Continuing my journey to prefect my scanned lecture notes, I’ll be reviewing my efforts for finding a good way to threshold scanned notes to black and white. I’ve spent several days experimenting with this stuff, and I think I’ve managed to improve on the basic methods used.
In the process of experimenting, I’ve come up with what I think are the 3 main hurdles into scanning notes (or text in general) to black and white.
- Bleeding. When using both sides of the paper the ink might be “bleed” through to the other side. Even if the ink doesn’t actually pass through, it might still be visible as kind of shadow, when scanning, just like when you hold a piece of paper in front of a light and you’re able to make out the text on the other side.
- Non-black ink. Photocopying blue ink, is notoriously messy. Scanning it to b&w, also imposes challenges.
- Skipping. This is an artifact that sometimes introduced when writing with a ballpoint pen. It’s a result of inconsistent ink flow, and is more rare with more liquid inks such as rollerballs or fountain pens.
Those issue can be visualized in the first three images. These images are the originals I’ve tested the various methods with. The other images are results of the various methods, explained in this post, and should convey the difference between them.
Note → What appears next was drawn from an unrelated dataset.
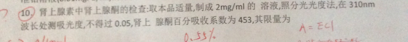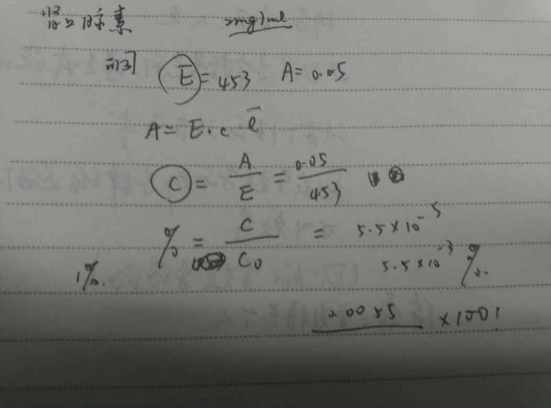 我已经算出来了,A=ECL中的C单位是g/100ml.单位别换错就能算出来是0.55%

The basic way to convert the images to black and white, would be threshold them. A trivial improvement is achieved by using the
-monochome to automatically set the threshold. We can also disable dithering using the
+dither flag. As can be seen, with dithering, the ink bleeding produces an undesirable noise, while without it the skipping is very pronounced and the non-black ink look worse.
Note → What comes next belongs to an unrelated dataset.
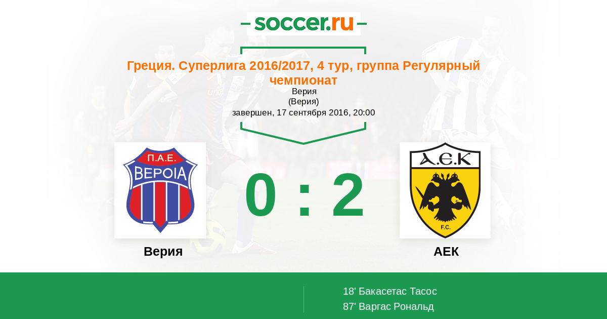 Запасные: 10 Варгас Рональд (с 41'), 11 Плателас Евангелос (с 64'), 5 Ламбропулос Константинос (с 81'), 1 Баркас Василиос, 14 Пекхарт Томаш, 21 Аравидис Христос, 27 Бакакис Михалис

$ convert originals/XXX.png -monochrome XXX_mc.png $ convert originals/XXX.png +dither -monochrome XXX_mcd.png
A somewhat better way would be to use a two color quantization and only then convert it to b&w. More information can be found in ImageMagick quantization documentation.
$ convert originals/XXX.png +dither -colors 2 -colorspace gray -normalize XXX_2q.png
This slightly improved the non-black ink situation, but had no effect at all on the images with black ink (which is actually expected).
This lead me to think that my problems are local, e.g. the threshold should be computed locally, as I want different threshold around images compared to blank areas. My searches landed me in Fred’s great comparison of threshold methods, and finally in his
localthresh script. The script expects the foreground to be bright, which can be fixed using the
-n yes parameters to negate the image. There are a couple of supported methods on who to do the local thresholding. I’ve used the third, which is “local mean and mean absolute deviation”, which was the method that worked best. The radius should be big larger than the biggest feature (e.g. line) you’re trying to detect. I’ve used radius of 50 which it around 2mm for 600 DPI scan. Having a too smaller radius resulted in “outlining” of the text, while having a too big radius had little effect. The bias was chosen by trial and error, the bigger the bias the better it will clean up the “bleeding”, and the worse it will perform regarding the “skipping”. Having a smaller bias, will make the bleeding more pronounced, but will almost fix the skipping.
./localthresh -n yes -m 3 -r 50 -b 20 originals/XXX.png XXX_local50_20.png
This led me to think that I should attempt to remove the “bleeding” before trying to threshold the text. This would allow a “darker” threshold, without emphasizing the “bleeding”, as they will be gone at this stage. I’ve experimented quite a lot with this until I came up with the following process Using
and then thresholding to create a mask that contains the only the actual ink (with a bit of padding). Taking the mask composing it with the original image either via
screen or via
divide and then negating, results in a copy of the original image with the “bleeding” removed. This allows to use an aggressive threshold to emphasize the text.
Using a small geometry for the
-statistic part better removes the “bleeding” but also might remove fine lines. The first two attempts use the
Nonpeak statistic code which does a slightly better job removing bleeding, but seems to be more sensitive to the geometry. The last example of this kind uses the
minimum statistic, better handles the “skipping”, but seems to introduce a bit more noise adjacent to the text. The threshold values were found using trial and error.
$ convert originals/XXX.png \( +clone -statistic Nonpeak 10x10 -threshold 90% c\) -compose screen -composite -threshold 85% XXX_blur.png $ convert originals/XXX.png \( +clone -statistic Nonpeak 5x5 -threshold 90% \) -compose screen -composite -threshold 85% XXX_blur2.png $ convert originals/XXX.png \( +clone -statistic minimum 10x10 -negate -threshold 20% \) -compose Divide_Src -composite -threshold 85% XXX_blur4.png
This sums up several days (I got into it more than I expected. of experimenting with various methods. The images below should give you a general idea of how each method mentioned fares. I’ve also tried many variations and other methods, but the results weren’t interesting enough to report.
If you’re using a black ink, I think the last method fairs the best. It also preformed pretty well on the non-black ink. However, if you used a non-black ink, but you know that you don’t have skippings and bleedings to fix, I would go with the two color quantization.
If you know of other methods to preform this task, don’t hesitate to comment, as I would be interested to read.